● **Supplied records**
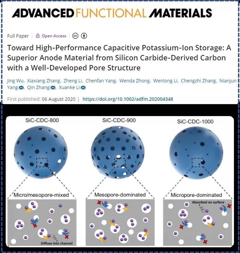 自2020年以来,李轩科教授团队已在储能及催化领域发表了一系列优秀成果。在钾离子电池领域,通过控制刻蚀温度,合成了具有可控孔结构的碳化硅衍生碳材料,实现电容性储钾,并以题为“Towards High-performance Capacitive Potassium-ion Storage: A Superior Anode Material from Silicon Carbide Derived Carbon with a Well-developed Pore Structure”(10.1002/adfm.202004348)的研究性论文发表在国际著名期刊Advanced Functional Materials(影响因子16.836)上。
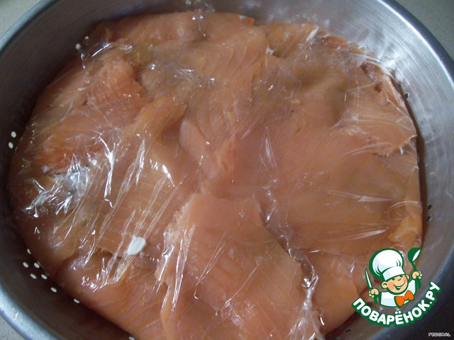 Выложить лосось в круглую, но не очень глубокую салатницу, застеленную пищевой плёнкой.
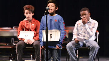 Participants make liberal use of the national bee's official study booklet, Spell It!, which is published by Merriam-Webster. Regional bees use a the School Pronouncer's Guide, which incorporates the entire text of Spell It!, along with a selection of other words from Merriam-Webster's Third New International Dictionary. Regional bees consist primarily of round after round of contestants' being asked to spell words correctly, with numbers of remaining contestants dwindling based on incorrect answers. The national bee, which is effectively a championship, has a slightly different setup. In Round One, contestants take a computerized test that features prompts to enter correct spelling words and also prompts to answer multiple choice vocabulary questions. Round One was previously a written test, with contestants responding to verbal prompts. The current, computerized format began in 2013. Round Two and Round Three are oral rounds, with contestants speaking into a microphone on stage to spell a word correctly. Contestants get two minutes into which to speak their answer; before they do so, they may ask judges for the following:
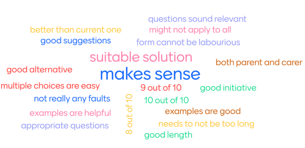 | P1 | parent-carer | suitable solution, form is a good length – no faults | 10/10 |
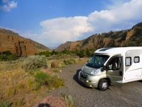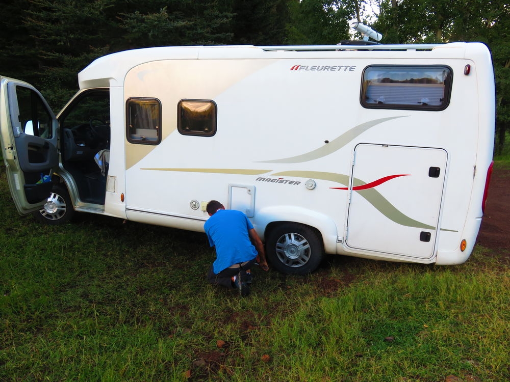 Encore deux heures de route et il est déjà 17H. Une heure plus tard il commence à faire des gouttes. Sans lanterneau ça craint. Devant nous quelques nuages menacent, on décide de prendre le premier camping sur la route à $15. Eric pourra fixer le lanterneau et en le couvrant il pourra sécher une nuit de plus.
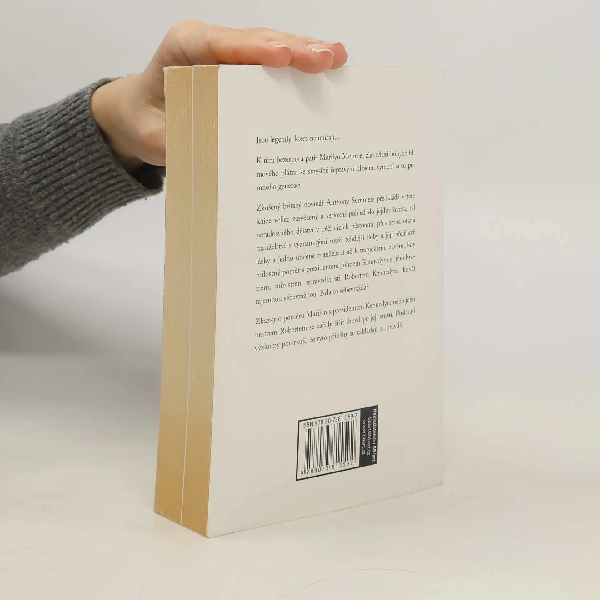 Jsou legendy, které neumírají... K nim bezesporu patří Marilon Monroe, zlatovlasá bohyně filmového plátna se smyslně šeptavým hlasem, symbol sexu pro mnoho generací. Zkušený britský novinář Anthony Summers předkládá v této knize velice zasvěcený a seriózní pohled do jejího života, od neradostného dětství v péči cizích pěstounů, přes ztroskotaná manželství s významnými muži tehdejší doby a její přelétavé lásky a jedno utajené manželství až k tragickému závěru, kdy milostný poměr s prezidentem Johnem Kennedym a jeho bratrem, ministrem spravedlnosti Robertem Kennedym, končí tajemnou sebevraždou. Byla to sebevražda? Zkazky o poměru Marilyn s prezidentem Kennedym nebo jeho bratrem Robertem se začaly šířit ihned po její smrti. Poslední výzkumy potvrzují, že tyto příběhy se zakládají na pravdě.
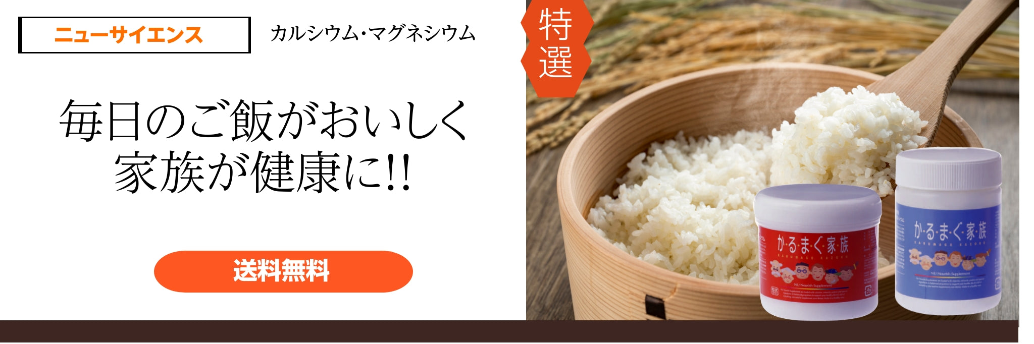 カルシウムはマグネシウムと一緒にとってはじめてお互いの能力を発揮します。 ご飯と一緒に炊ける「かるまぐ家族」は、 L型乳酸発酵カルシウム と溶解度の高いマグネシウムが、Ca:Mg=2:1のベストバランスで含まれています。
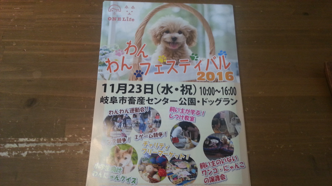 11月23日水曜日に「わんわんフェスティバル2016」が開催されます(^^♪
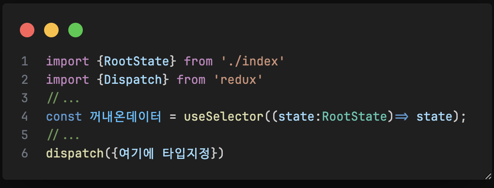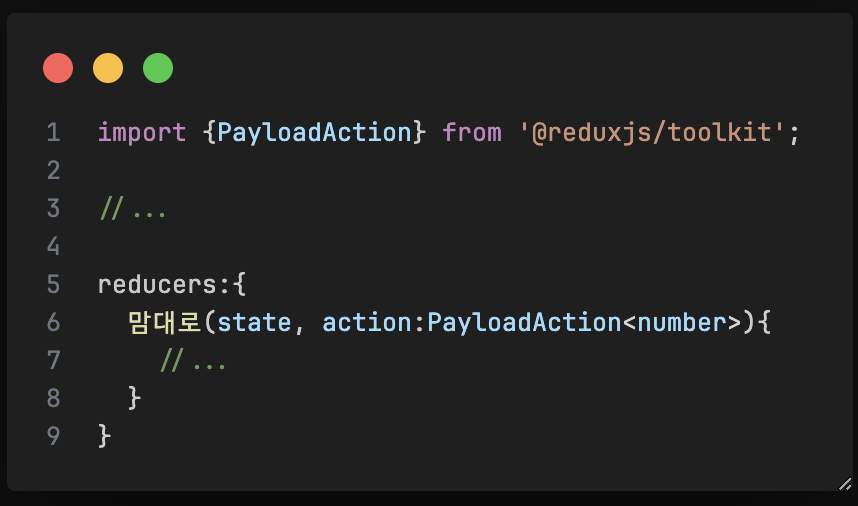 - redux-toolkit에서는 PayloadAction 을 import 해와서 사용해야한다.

● **Assigned task**
Would you transcribe exactly, and only, the lines from the one containing "11月23日水曜日に「わんわんフェスティバル2016」が開催されます(^^♪" through the last line of the records above, both included, leaving out the pictures?

● **Finished task**
 11月23日水曜日に「わんわんフェスティバル2016」が開催されます(^^♪
 - redux-toolkit에서는 PayloadAction 을 import 해와서 사용해야한다.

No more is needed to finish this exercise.